Ginsberg began snapping pictures of his fellow beats with a used camera in the early 1950s, capturing his group of intimates as they lounged, smoked, and bopped around Manhattan. This summer, Ginsberg as photographer is getting his first major exhibition at the National Gallery of Art in Washington, D.C., coinciding with the publication of “Beat Memories: The Photographs of Allen Ginsberg,” a collection edited by the NGA’s head of photography.

The 79 pieces at the art gallery begin in 1953 and, except for a hiatus between 1963 and the early 1980s, continue until Ginsberg’s death, in 1997. The photographs, tracing the Beats as they age, are spontaneous portraits with Ginsberg’s cramped captions commenting underneath. There’s Jack Kerouac horsing around in downtown New York, his mouth open in what Ginsberg describes as his “Dostoyevsky madface.” There’s Ginsberg leaning on a railing in front of a harbor, his eyes half closed and his lips frozen in a smirk, looking like a slightly nerdier Jeff Goldblum.

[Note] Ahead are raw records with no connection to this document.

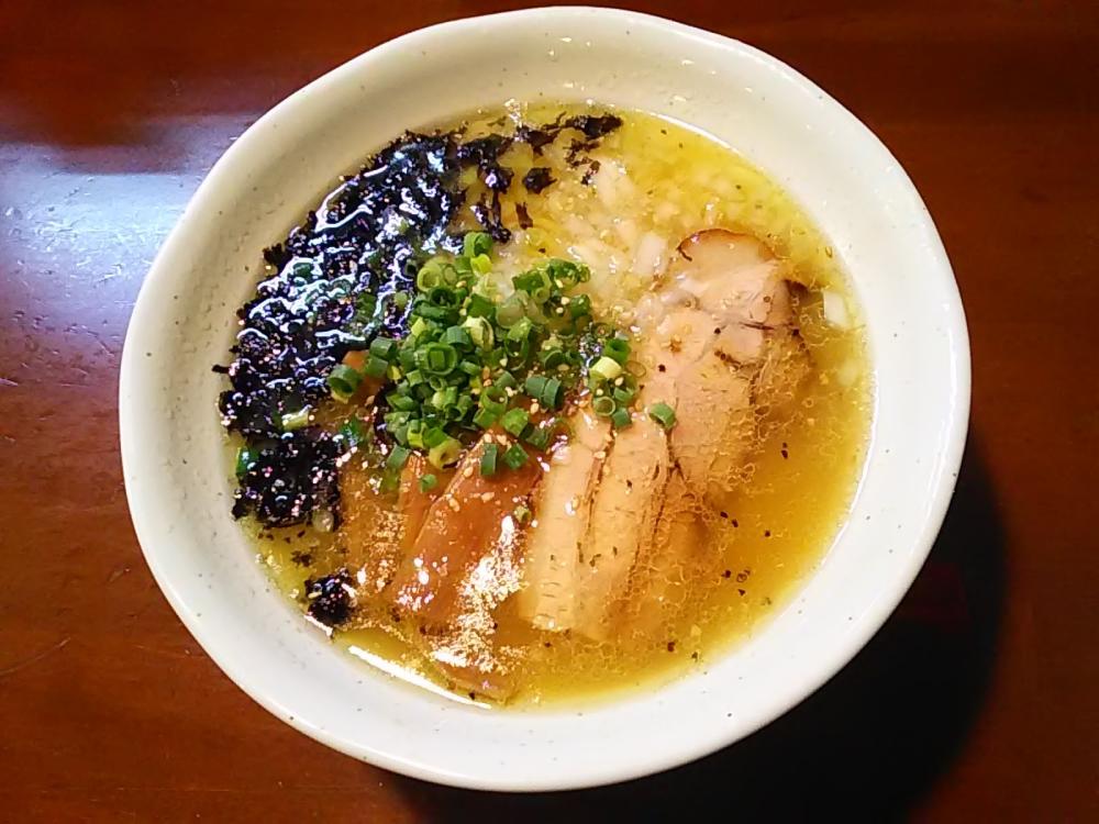 「敬老の日」の夕方、久しぶりに立ち寄りました。卓子席・小上がり席はほぼ満席という盛況。カウンター席に着き、眼前の掲示メニュー写真で目立つ「鶏油香る塩らーめん」を注文しました。到来したラーメンは縮れ中細麺で、熱々鶏油の浮く黄金色の塩清湯に浸っています。麺上の具は炙った豚バラ叉焼(厚さ約5mm)、刻みタマネギ、岩海苔、メンマに刻み青ネギ。丁寧に炊き上げたという鶏ガラと豚骨の合わせ出汁が絶妙で実に美味しい。叉焼も相変わらず美味しく、あっという間に完食でした。
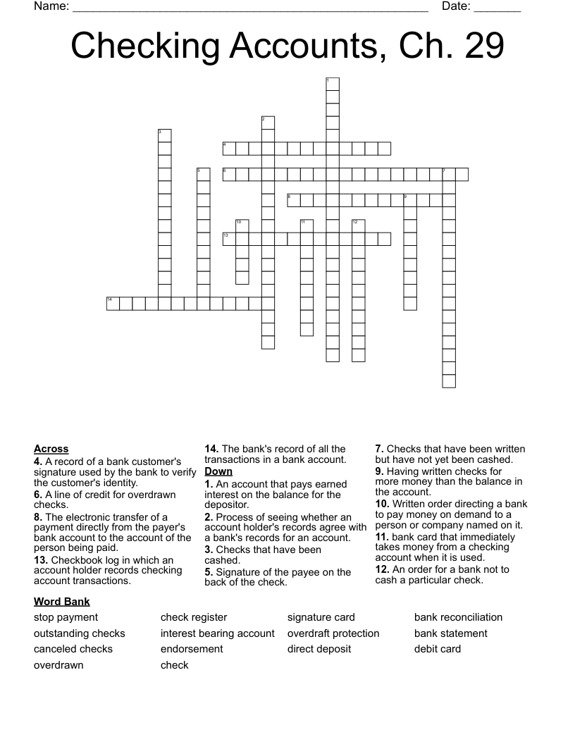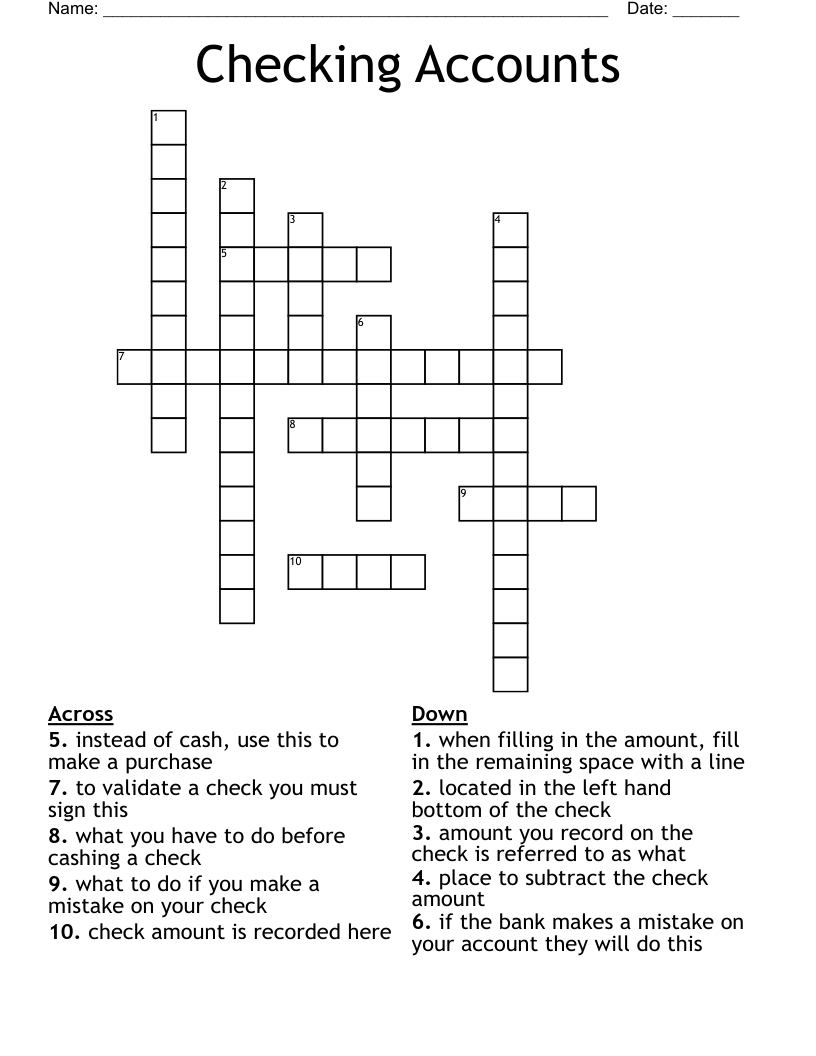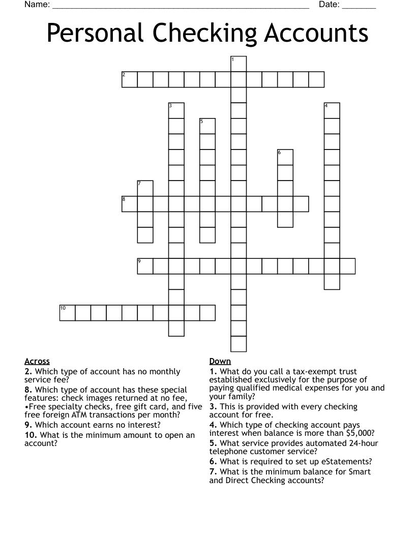 Personal Checking Accounts Crossword Wordmint ... | 816x1083 px
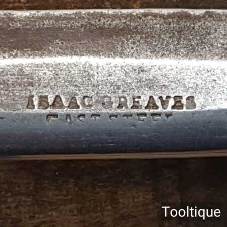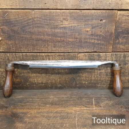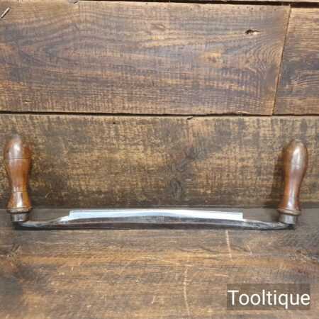 Vintage Isaac Greaves carpenter’s curved drawknife with a 10 ¼” cutting edge and beechwood handles, refurbished, sharpened and honed ready for use and in good used condition.
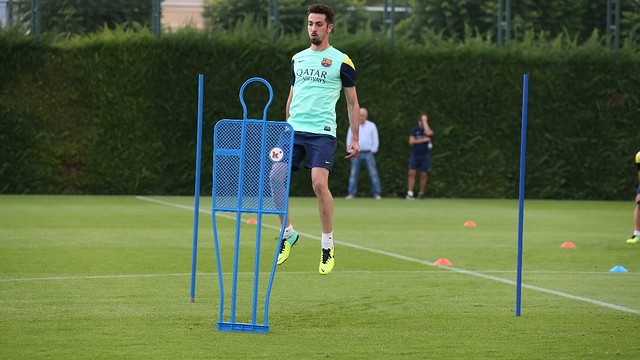 Do có đến 12 cầu thủ trở về tuyển làm nghĩa vụ quốc gia, nên buổi tập tại Ciutat Esportiva Joan Gamper chỉ bao gồm 9 cầu thủ đội một (Pinto, Montoya, Puyol, Dos Santos, Bartra, Tello, Oier, Cuenca và Adriano).
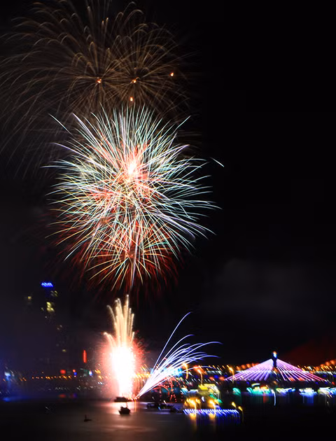 Đây là lần đầu tiên thành phốĐà Nẵngbắn pháo hoa trên sà lan đặt giữa sông Hàn. Nhờ đó, người dân có thể chiêm ngưỡng màn pháo hoa từ hai bên bờ sông, trên những cây cầu hoặc trên nhà cao tầng.
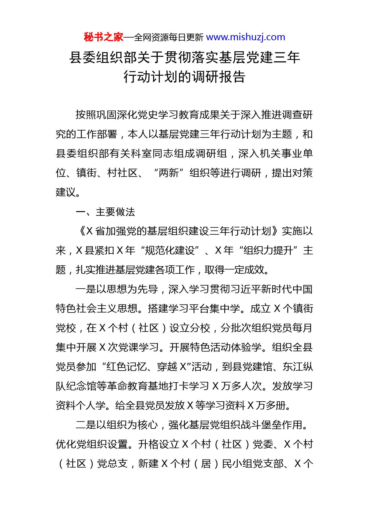 秘书之家—全网资源每日更新www.mishuzj.com县委组织部关于贯彻落实基层党建三年行动计划的调研报告按照巩固深化党史学习教育成果关于深入推进调查研究的工作部署,本人以基层党建三年行动计划为主题,和县委组织部有关科室同志组成调研组,深入机关事业单位、镇街、村社区、“两新”组织等进行调研,提出对策建议。一、主要做法《X省加强党的基层组织建设三年行动计划》实施以来,X县紧扣X年“规范化建设”、X年“组织力提升”主题,扎实推进基层党建各项工作,取得一定成效。一是以思想为先导,深入学习贯彻习近平新时代中国特色社会主义思想。搭建学习平台集中学。成立X个镇街党校,在X个村(社区)设立分校,分批次组织党员每月集中开展X次党课学习。开展特色活动体验学。组织全县党员参加“红色记忆、穿越X”活动,到县党建馆、东江纵队纪念馆等革命教育基地打卡学习X万多人次。发放学习资料个人学。给全县党员发放X等学习资料X万多册。二是以组织为核心,强化基层党组织战斗堡垒作用。优化党组织设置。升格设立X个村(社区)党委、X个村(社区)党总支,新建X个村(居)民小组党支部、X个秘书之家—全网资源每日更新www.mishuzj.com“两新”组织党支部,结合机构改革撤销X个并新设X个机关事业单位党组,优化调整X个机关事业单位和X个国有企业党组织隶属关系,设立县委教工委统筹全县教育行业党建工作。强化党组织领导。出台《关于深化“强村固组”工程充分发挥村组党组织领导核心作用的实施意见》《农村党组织、村民委员会、村民小组、村集体经济组织、村务监督委员会小微权力清单》,探索实施《农村重大事项“X+X”全程纪实工作法》,以制度形式强化村党组织领导核心地位。转化软弱涣散基层党组织。持续整顿“六对接六查找”确定的X个软弱涣散基层党组织,主题教育期间集中排查整顿X个软弱涣散基层党组织。三是以干部为关键,全面加强基层组工干部队伍建设。配强党务领导干部。为X个乡镇(街道)、X个县直机关党委配强专职抓党建的副书记,提拔X名优秀乡镇年轻干部担任乡镇组织委员。提高村(社区)党组织书记待遇。面向全县村(社区)党组织书记招聘X名事业编制人员,从X年起设立村(社区)党组织书记年度绩效奖励金。补选村(社区)党组织委员、储备干部。利用省市核定村干部财政补贴职数补选X名村(社区)党组织委员、X名村(社区)“两委”储备干部,实现X%的村(社区)党组织委员不少于村(居)委会委员。四是以经费为保障,加大基层党建工作的资金支持力秘书之家—全网资源每日更新www.mishuzj.com度。加大县管党费支持力度。拨付X万元建设党群服务中心、修缮党小组活动场所和党员活动室等。加大县级财政支持力度。每村每年安排X万元党组织服务群众专项经费,给X多名X岁以上老党员每月发放X元关怀补贴。提高工作补贴标准。将村(居)民小组长工作补贴提高至每月X元,进一步提高“两新”组织专兼职党组织书记、党建指导员补贴标准。五是以城市基层党建为重点,积极探索城市基层党建示范县建设。探索实施“红色领航”工程,推动试点工作取得突破性开局。构建“红色纽带”。建立县、街道、社区三级联动体系和“党工+社工+义工”联动体系,实行党组织和党员到社区“双报到”制度和党建工作联席会议制度。打造“红色引擎”。把党支部建在居民小区,在商贸城、产业园建立区域性园区党组织,在园洲纺织服装行业协会成立行业党组织。建设“红色阵地”。建成X个县级、X个街道级、X个园区、X个社区级和X个新兴领域的党群服务中心,形成党群服务中心矩阵。开展“红色服务”。搭建“党建榕平台”“党建项目认领平台”,统筹辖区各领域党组织服务资源和群众需求,实现“群众点菜,党来买单”。二、存在问题从调研情况来看,还存在一些问题。一是“三会一秘书之家—全网资源每日更新www.mishuzj.com课”组织生活质量参差不齐。一些基层党组织开展“三会一课”不严不实,形式内容单一,没有按照规定时间和次数开展,台账管理不够规范完善。二是村(居)民小组党支部建设比较薄弱。一些村(居)民小组党支部运作不够顺畅有序,规范化建设水平较低,支委会建设、发展党员工作、办公场所建设等有待加强。三是社区基础保障跟不上城市化步伐。社区基础保障较为薄弱,服务超负荷,办公用房不达标,与管理需求不能完全匹配。三、对策建议对发现的主要问题,瞄准“病灶”,因情施策,下苦功夫、实功夫、细功夫予以解决。一是在党员教育管理上再抓实。推动全县党员守初心、担使命、找差距、抓落实。开展“六个一”主题活动。组织各级党委举办一次主题征文、演讲比赛和知识竞赛,编印一本主题教育应知应会“口袋书”,党员领导干部讲一堂专题党课,基层党组织举办一场读书交流会,开展一次主题组织生活会,重温一次入党誓词。推行党员分类管理、星级评定管理模式。制定全县实施指导意见,提高在职党员、离退休老党员、流动党员、困难党员教育管理的针对性、实效性。开发“智慧党务”管理平台。开发符合X县实际,包含“三会一课”、主题党日和统计分析等功能的“智慧党务”管理平台,利用大数据抓实党建基秘书之家—全网资源每日更新www.mishuzj.com础工作。实行领导干部“一岗双责”
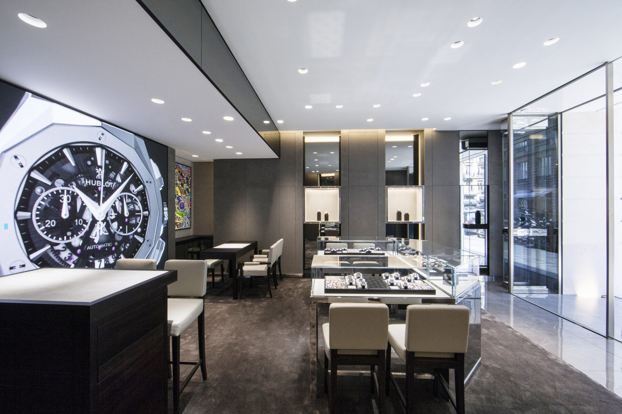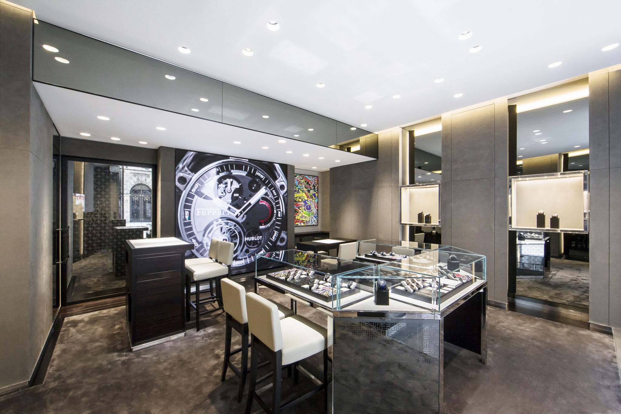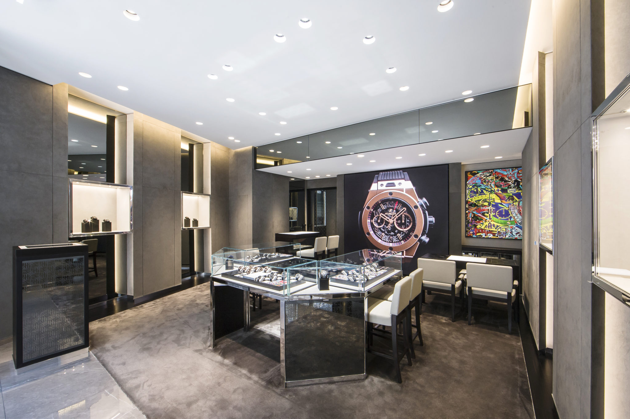 Á l’image du célèbre motto de Hublot « The Art of Fusion » ce nouvel espace d’une surface de 49m² associe luxe, modernité et innovation pour dévoiler les garde-temps de la Maison. La combinaison atypique de matériaux tels que l’alcantara gris, le verre et laiton poli offre à cette boutique une ambiance unique qui est propre à l’univers Hublot. Des touches de couleur de style Pop Art, librement inspirés des montres emblématiques de la Manufacture horlogère suisse, viennent agrémenter les vitrines de ce nouvel espace.
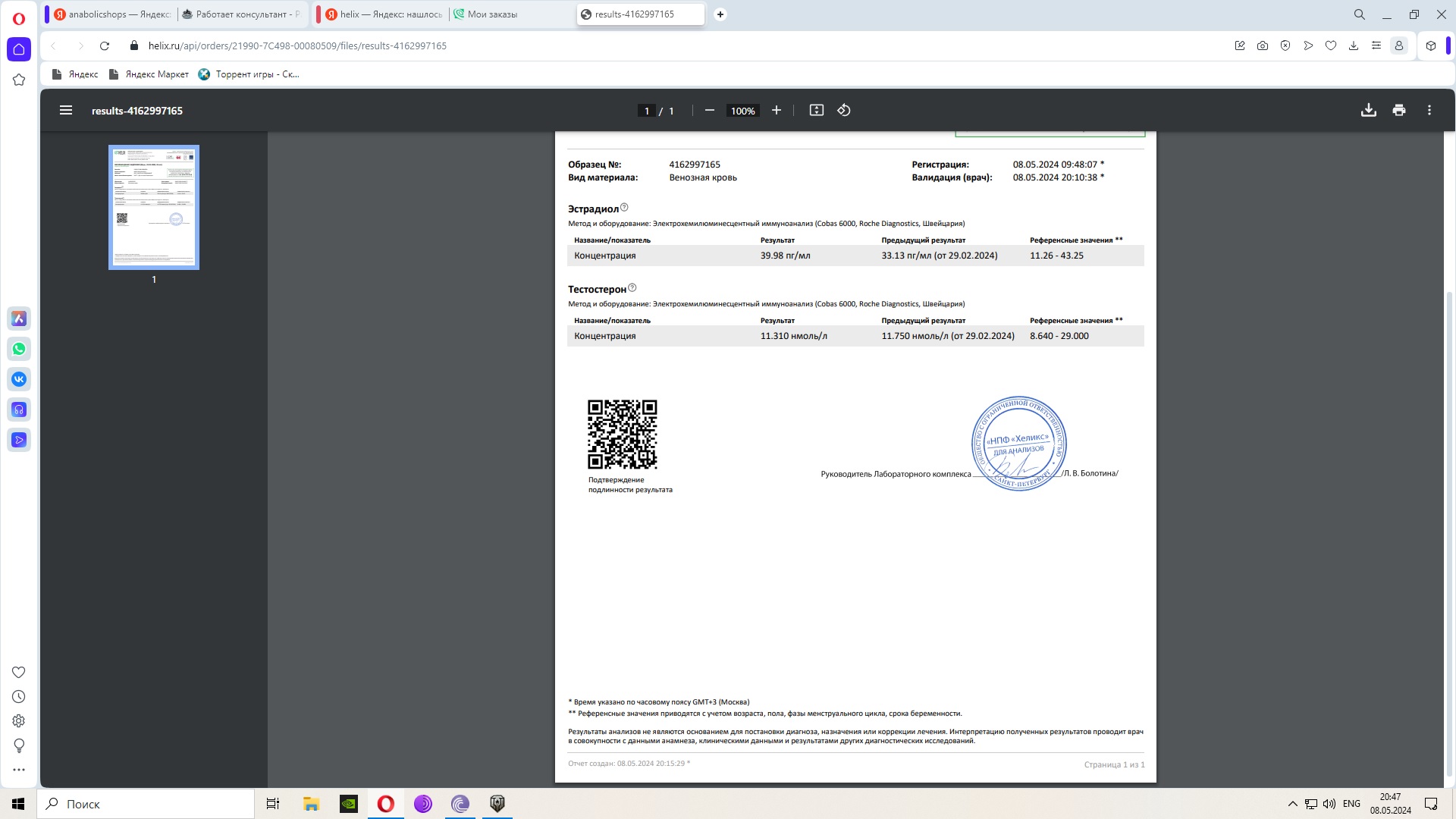 Работает консультант Разбор анализов гормонов, помощь специалиста
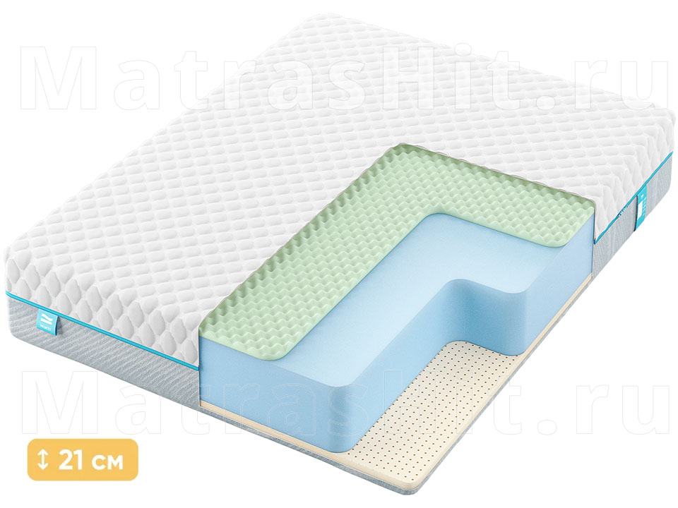 Беспружинный матрас Ролл Стандарт 18 Латекс М с комфортными слоями из натурального латекса и рельефной экопены. Высота матраса 21 см.
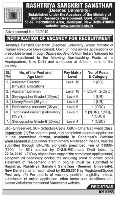 Interested candidates can apply to the post through the online mode on or before 22 April 2019. After submitting the online application, the candidates are required to submit the hard copy of the application to the Registrar, Rashtriya Sanskrit Sansthan (Deemed University), New Delhi on or before 2 May 2019.
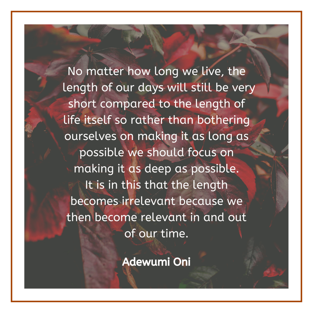 Depth is more important than length, make your life a meaningful and impactful one.
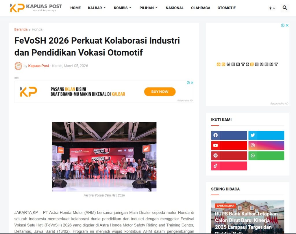 FeVoSH 2026 Perkuat Kolaborasi Industri dan Pendidikan Vokasi Otomotif by Muhammad Arif 5 Maret 2026 in Silahkan kunjungi https://www.kapuaspost.web.id/2026/03/fevosh-2026-perkuat-kolaborasi-industri_10.html. Tags: astra Astra Motor kalbar Astra Motor Pontianak astramotor honda kalbar pontianak sepeda motor You Might Like Regional Public Launching New ADV160 The SUV Pride Grand Launching New PCX 160 Truly Exceptional! Tetap hati-hati ya bro sist berkendara saat hujan.
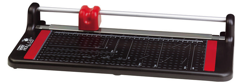 Rol snijmachine voor hobby, kantoor en school. Snijmachine van hoge kwaliteit kunststof, kleur zwart. Geslepen roterend rondmes en geslepen ondermes van gehard staal. Mesbeveiliging door gesloten ergonomische kunststofkop. Snijd papier, film en ander zacht materiaal. Snijlengte: 320 mm, maximale dikte 0,6 mm. Gebruiksvriendelijk door precisie mm-verdeling voor DIN-formaten, fotoformaten en CD-cover. Reserve rondmes is separaat leverbaar.
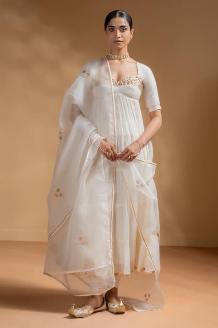 Off White Chanderi, Satin, Lycra, Organza Sharanya Work Tiered Anarkali Set
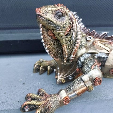 Stående giraffe i steampunk-stil af polyresin, oprindelse Europa, i fremragende stand, ubrugt signatur, 53 cm høj, 30 cm bred, 14 cm dyb. Klik på den blå "gå til varen" knap, for at købe eller byde på denne vare. Den samlede pris vil blive vist inden du afgiver dit bud.
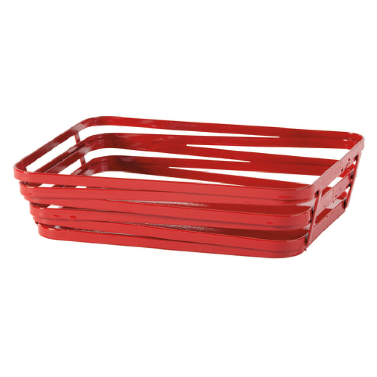 The GET Enterprises WB-982-R Cyclone™ Serving Basket is a versatile and stylish addition to any food service setting, designed with practicality and aesthetic appeal in mind. Measuring 9 inches by 7 inches by 2-1/4 inches, this rectangular serving basket is crafted from durable metal wire, ensuring long-lasting use and resilience. It features a solid bottom, which provides stability and prevents smaller items from slipping through, making it ideal for a wide range of dining environments from casual eateries to upscale restaurants. The basket is powder-coated in an eye-catching red finish, adding a pop of color that enhances table presentations and complements various decor styles. Its thoughtful design and durable materials cater to the demands of high-traffic venues, while also offering an easy-to-clean surface that supports efficient kitchen operations. Packed by 12 each per case, the GET Enterprises WB-982-R Cyclone™ Serving Basket is a practical choice for businesses looking to streamline service, enhance guest experience, and maintain a cohesive, appealing tabletop presentation. This functional yet stylish basket is perfect for serving appetizers, sides, or bread, making it an essential tool in the hospitality and food service industries.

There’s William Burroughs posing beside a “brother sphinx” in the Metropolitan Museum of Art, his hands deep in his pockets, his face exaggeratedly serious. And then there’s Ginsberg’s portrait on his 70th birthday, face lined and obscured by grey whiskers.

Ginsberg’s shots are full of charm, but it’s who’s in the photographs more than their composition that’s interesting. Looking through his pictures of musicians, writers, and assorted muses, you can’t help thinking about how much fun they’re having. There’s a knowingness to the frames that’s instantly recognizable: In a different age, this would have been a particularly well-edited Facebook album.

Self-indulgence — a quality that all self-proclaimed radicals must have in some quantity — has always been a hallmark of the Beats, and sometimes undermines Ginsberg’s writing. But in his photos, it has the opposite effect: Rather than excluding the audience, it draws them in. You are being allowed inside the Beat clubhouse, and it’s exhilarating. He infuses the pictures with casual warmth, but the photographs — particularly in the 1980s and 1990s — have a hard edge to them.

Ginsberg was inspired to take up his camera again in part because of the photographer Robert Frank, and Frank’s influence is evident in the later pictures: The lens seems less forgiving of its subjects, the angles sharper, the Beats fading, the feeling wistful. These are before and after pictures of Bohemia, yearbooks of a literary movement. Ginsberg thought of his work as “celestial snapshots,” a way to emphasize “the sacredness of the moment.” By those terms, more than any artistic standard, Ginsberg as a photographer was entirely successful.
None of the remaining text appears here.